Don Morel is an American former college football coach. He was the head football coach for Wabash College from 2016 to 2024. Morel served as the head football coach at the University of La Verne in La Verne, California from 1995 to 2006.

==Head coaching record==

| Year | Team | Overall | Conference | Standing | Bowl/playoffs |
La Verne Leopards (Southern California Intercollegiate Athletic Conference) (1995–2006)

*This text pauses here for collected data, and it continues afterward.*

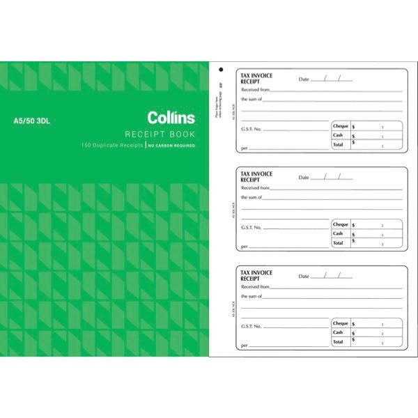This Collins A5/50 3DL NCR Duplicate Receipt Book is a self-carbonating cash receipt book from Collins. The duplicate receipt book enables you to give one copy to your customer and to keep one for your records. The receipt book has space for six figure numbering.
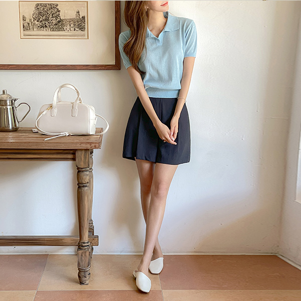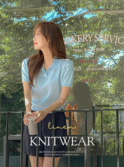 코어블 翻领 亚麻 혼방 短袖 针织衫
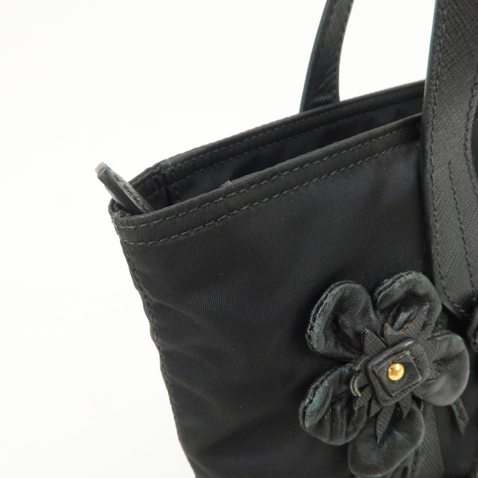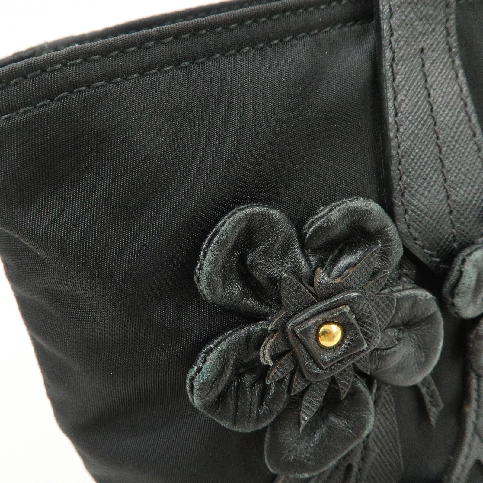 PRADA Nylon Leather Hand Bag Black Gold Hardware 1BA084
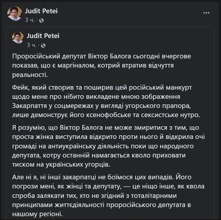 Того ж дня на звинувачення відреагувала Юдіта Петеї. Вона стверджувала, що цей пост є фейком, який створив та поширив "російський манкурт" Віктор Балога. За її словами, це відповідь їй за те, що вона "розплющила очі громадськості на антиукраїнську діяльність поки народного депутата". На момент публікації новини пост на сторінці Петеї видалили. Проте залишився скриншот.
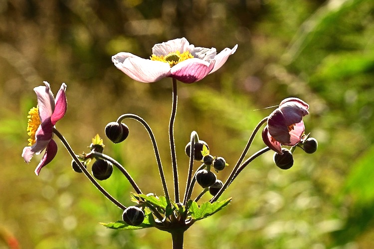 Also still in bud, autumn-blooming anemones (hybrids with single 5-petaled flowers in white and pink), a very modest flower that prefers partial shade; individual plants are sprinkled under trees in the garden. From the pixabay site, fall anemones, some in bloom, some in bud:
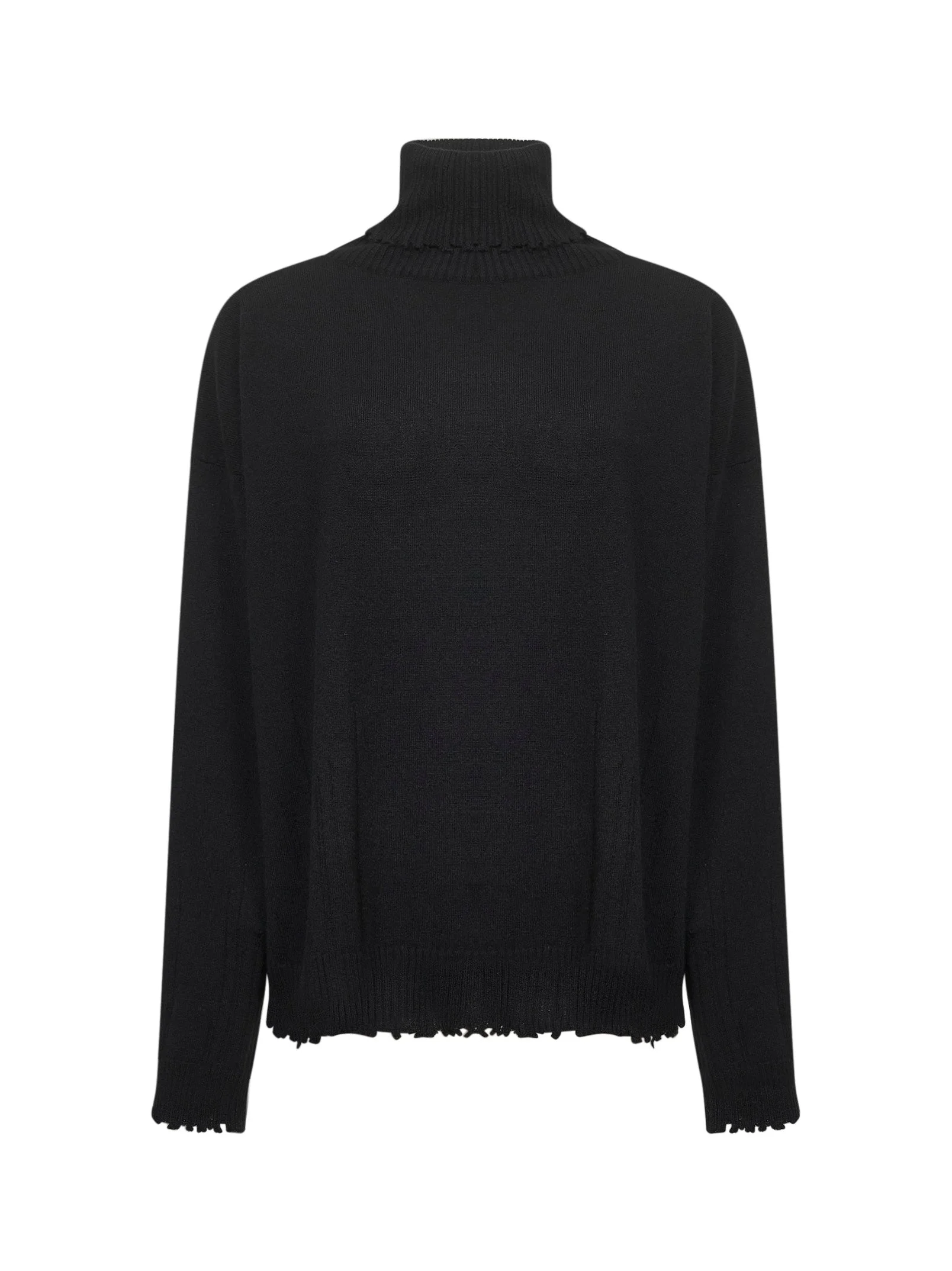 - Ribbed turtleneck collar - Long sleeves, cut-out detail at right shoulder, dropped shoulders - Ribbed cuffs and bottom band - Distressed-effect finishes at collar, cuffs and bottom band - Relaxed fit - Black color - 100% cashmere - Made in italy Wool or fine animal hair: Cashmere100 % Made in: ITALIA Season: A25 UK7134-UW900
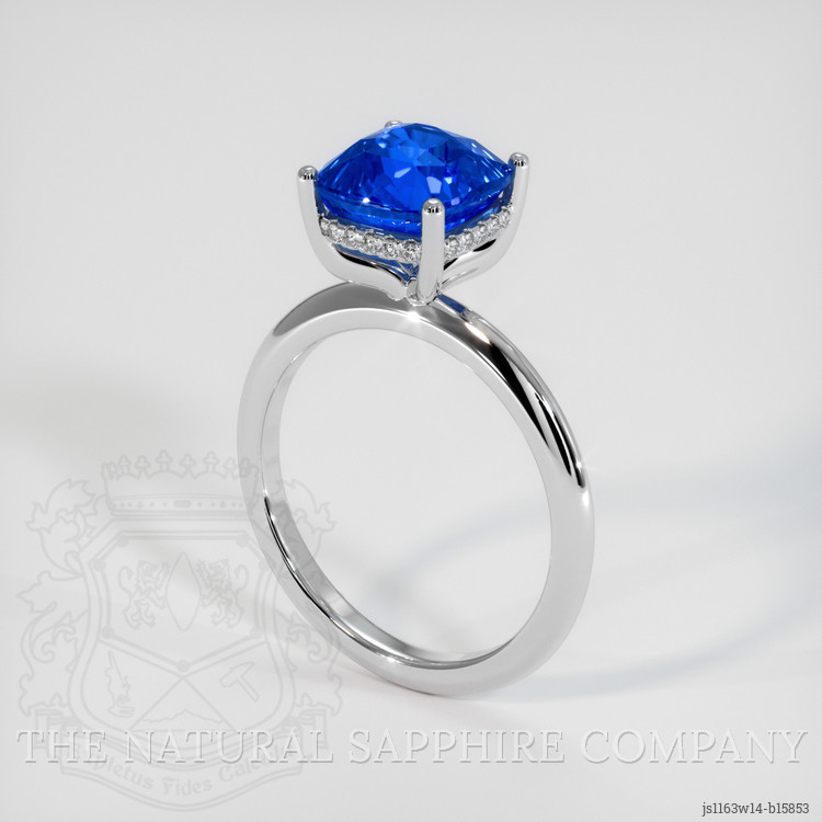The centerpiece of this exquisite ring from The Natural Sapphire Company is a magnificent 3.05 carat cushion shape blue sapphire. This gemstone is crafted with dimensions of 7.70 x 7.68 x 5.77 mm and features a mixed brilliant cut that enhances its innate splendor. Originating from the renowned mines of Ceylon (Sri Lanka), this sapphire boasts a clarity grade of very slightly included, meaning that any inclusions are minimal and can be seen only when closely observed. Its intense color saturation is a testament to its natural beauty, presenting a vivid blue hue that catches the light with every movement. The excellent polish adds to the gemstone’s luster, creating a mirror-like reflection that exudes sophistication and class.
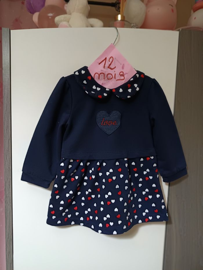 Robe sweat bleue marine avec col claudine et petits coeurs blancs et rouges, Comme NEUVE, portée 1 ou 2 fois ! Taille 12 mois
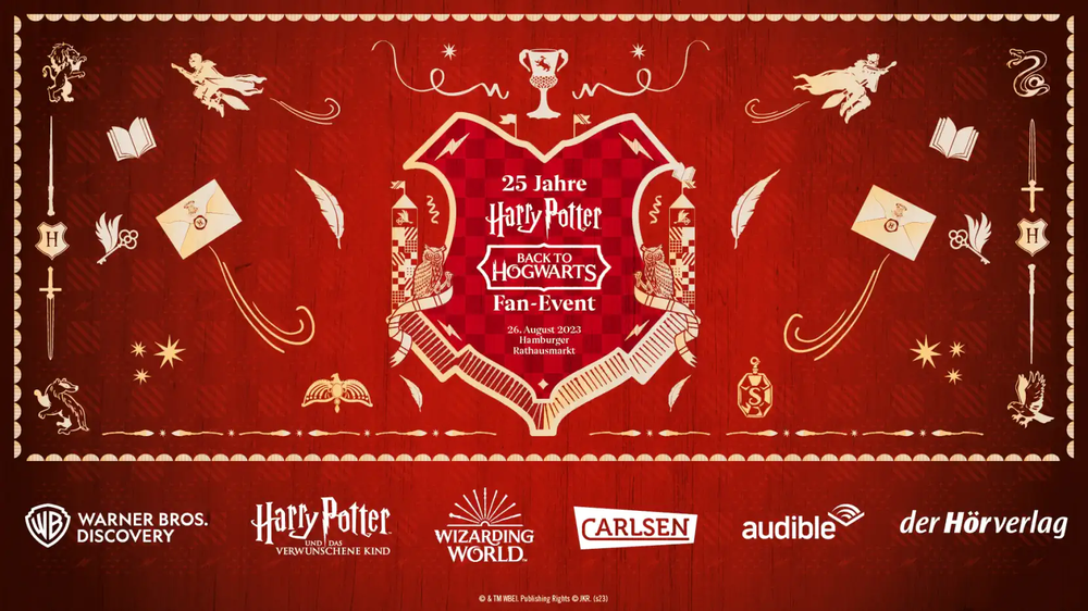 Hamburg wird magisch! Am 26. August findet auf dem Hamburger Rathausmarkt ein großes Harry-Potter-Event statt. Anlass ist das 25-jährige Jubiläum des ersten Harry-Potter-Buches in Deutschland. Der Carlsen Verlag, Warner Bros. Discovery und das Hamburger Showhighlight „Harry Potter und das verwunschene Kind” zusammen mit Audible und dem Hörverlag laden Harry-Potter-Fans zum großen Jubiläums-Event ein!

| 1995 | La Verne | 9–0 | 6–0 | 1st |  |
| 1996 | La Verne | 7–2 | 4–1 | 2nd |  |
| 1997 | La Verne | 2–7 | 2–3 | 4th |  |
| 1998 | La Verne | 4–5 | 2–3 | T–3rd |  |
| 1999 | La Verne | 7–2 | 4–1 | 2nd |  |
| 2000 | La Verne | 2–7 | 2–3 | T–3rd |  |
| 2001 | La Verne | 1–8 | 0–5 | 6th |  |
| 2002 | La Verne | 3–5 | 1–4 | T–4th |  |
| 2003 | La Verne | 1–8 | 0–6 | 7th |  |
| 2004 | La Verne | 4–5 | 3–3 | T–3rd |  |
| 2005 | La Verne | 5–4 | 3–3 | 4th |  |
| 2006 | La Verne | 3–6 | 3–3 | T–3rd |  |
| La Verne: |  | 48–59 | 30–35 |  |  |  |  |  |
Wabash Little Giants (North Coast Athletic Conference) (2016–2024)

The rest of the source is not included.